Biogerontology: How a Compost Heap in Bristol Gave Rise to the Science of Aging

The cosmetic and wellness industries are rife with products claiming Buddhist anti-aging and are valuable for your money and it can be difficult to navigate only for expensive moisturizers.

Goop is a brand that often goes under fire for making unscientific claims about the benefits of keeping crystal eggs in places where no one should ever keep crystal eggs or steam into your vagina like broccoli. Aging and its prevention is supported by some legitimate science – in fact it has its own name. In an email to IFLScience, author Andrew Steele wrote that the ageless: The New Science of Old Wedding is not old-fashioned, the biological aspect of the biological study of adult learning, “known as gynecology.”

“Gerontology encompasses all sorts of factors ranging from health to social factors according to our age and the biological aspect relates to comprehension – and potentially treatment – and the cellular and molecular infrastructure of the aging process.” As Steele’s book explains, there was an unexpected hero in the rise of this branch of science who came out of the compost heap in 1951. Nobel laureate Sidney Brenner explored a model species that could possibly provide some digestible insight into neural development.
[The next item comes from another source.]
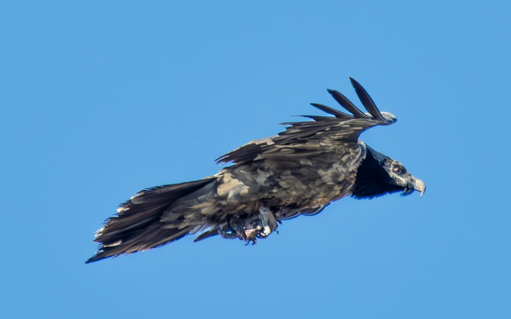 magnificent creatures in action. Just one lone bearded vulture, soaring high above the cliffs, clutching a bone in its claws. It flew up, up, up—then dropped the bone onto the rocks below with a loud crack! And then? It scooped it up again, flew back into the sky, and dropped it

The answer came in the form of a kind of nematode worm. Brenner made a kind of excavation from the earth in his garden at Cambridge but auditioned to find the perfect model specimen for his study. He was finally settled on the Bristol strain, Caenorhabditis Elegance, which is best known (if this controversial Twitter controversy is anything but C Elegance). “Sea elegans are such a useful creature for the study of aging that they don’t live very long,” Steele wrote. “The‘ normal ’strain of C. elegans, known as N2, grows, reproduces and dies in about two weeks, which makes it even faster to test in humans – you can get your subjects to die within a fortnight. Wait fifty years to get started!”
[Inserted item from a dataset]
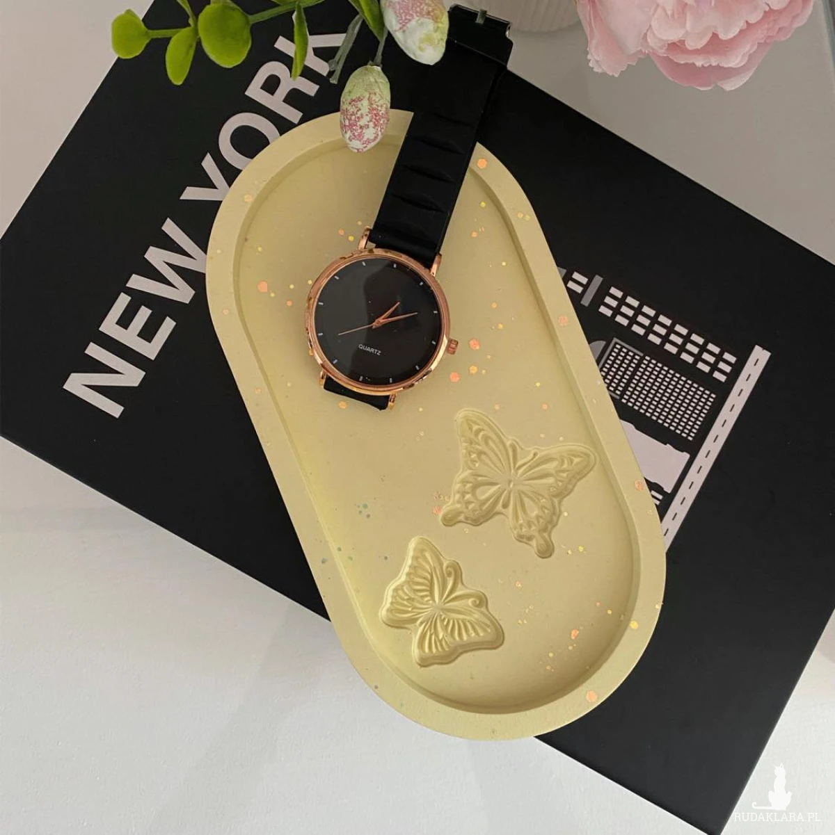 Taca dekoracyjna na biżuterię stworzona z wysokiej jakości ekologicznego gipsu polimerowego. Tłoczone elementy w kształcie motylków z dodatkiem połyskujących elementów dodadzą przytulności każdemu wnętrzu

Playing with such a short life cycle, scientists began shooting at the insects as “chemical blunderbuss” to see how or why the DNA in the insects affected the longevity, but initial investigations were somewhat hit and miss. Finally, these genetic screens uncovered some relevant areas of the genome that alter the life span of worms. “The first of these, for obvious reasons, was named Age-1, and the discovered variety added about 50% to the longevity of worms,” ​​Steele said. “After decades of discovery, there is a nice symmetry:

The current worm-winning champion is a different mutation of the same age-1 gene that saves worms ten times more – 1000%! – which is a particularly significant increase considering the worm’s genetic code is responsible for the change responsible for involving only one character change.”